AI is cheaper than human labour: Sam Altman

The OpenAI chief on why AI will become cheaper than human labour, how jobs will evolve, India’s intense AI momentum, and the resource and learning trade offs societies must prepare for.

Last Updated: Mar 26, 2026, 11:04 IST5 min
Prefer us on Google
New
OpenAI CEO Sam Altman. Photo by Anna Moneymaker/Getty Images via AFP
OpenAI CEO Sam Altman. Photo by Anna Moneymaker/Getty Images via AFP
Advertisement

At a closed door conversation with select editors, OpenAI CEO Sam Altman spoke candidly about the accelerating economics of AI, the shifting nature of work, and the strategic choices countries will face as the technology becomes deeply embedded in daily life. From India’s rapid adoption of AI tools to questions of energy use, learning, and the future of personal agents, Altman offered a wide angle view of how the next phase of AI may unfold. Edited excerpts:

On AI being cheaper than human labour

It will absolutely be cheaper. The energy costs of inference today—per line of code—are already far, far lower than the energy costs of a person doing equivalent work. These energy cost analogies often get weird.

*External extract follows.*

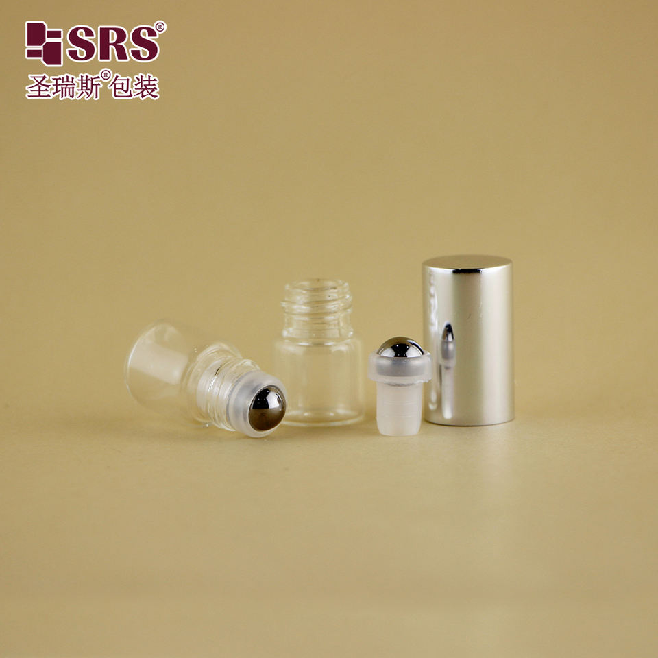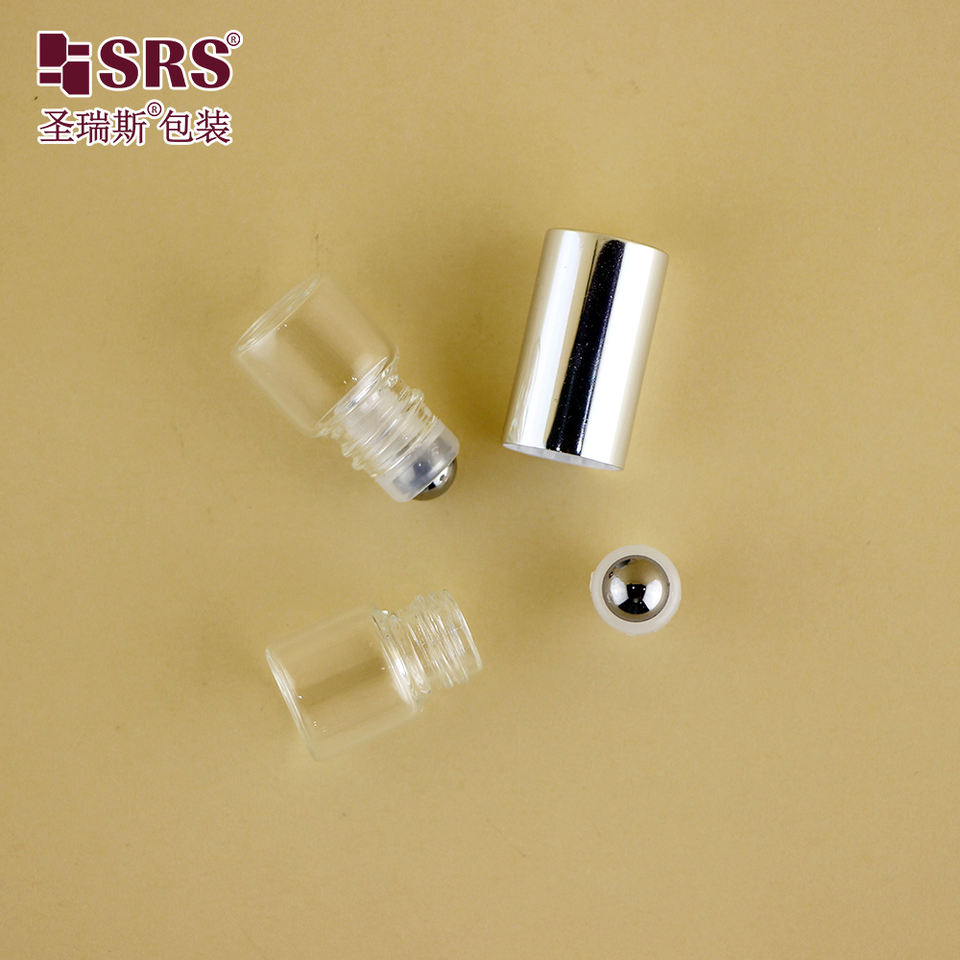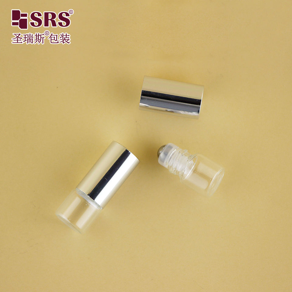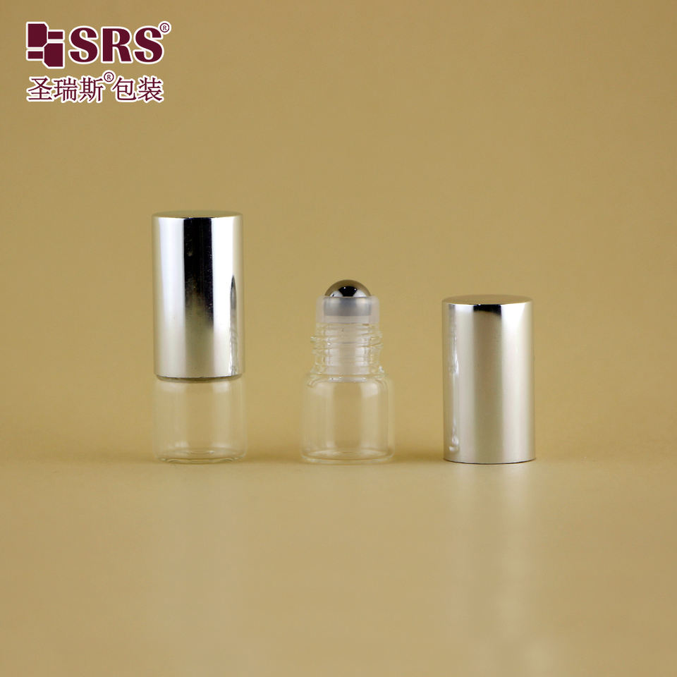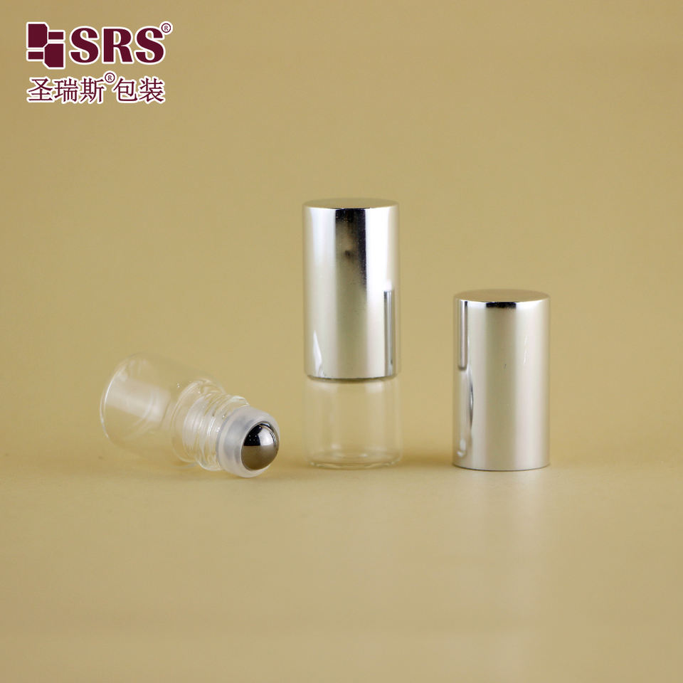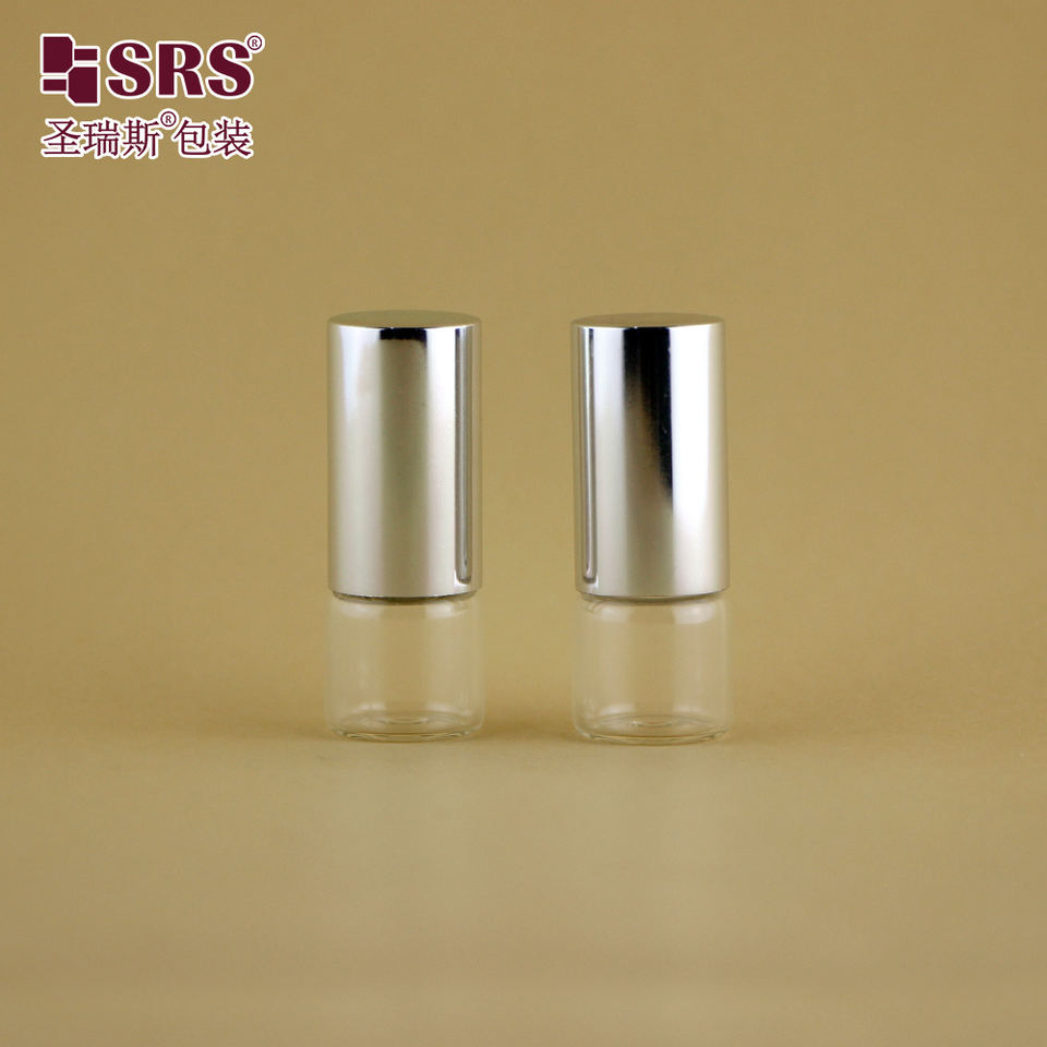 Contenedor de vial de vidrio vacío pequeño de 2ml y 3ml, a juego con rollo de Metal en inserto, tapa superior de plata de lujo para probador de Perfume
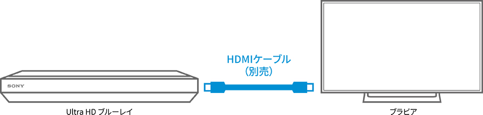 HDMIケーブル(別売)1本だけのシンプル接続で、Ultra HD ブルーレイの高画音質が楽しめます。また、プレーヤーのリモコンの再生ボタンを押すだけで、HDMI機器制御対応のブラビアの電源もONになり、テレビの入力が自動的に切り替わるなど、操作もシンプルになります。

People usually compare the energy cost of a human at inference time—the moment they solve something—with the total training energy of an AI model. But a person also requires a huge amount of energy over their lifetime to “train”—to grow, to run their body and brain for decades, not to mention the evolutionary process that operated at vast scale to produce human intelligence in the first place.

So, these models are already surprisingly efficient per token at inference time, relative to the energy required for a human to generate a token of thought. I expect that efficiency to continue improving significantly. My view is that, per unit of intellectual capability, energy cost will not be the dominant factor—the models will be extremely efficient.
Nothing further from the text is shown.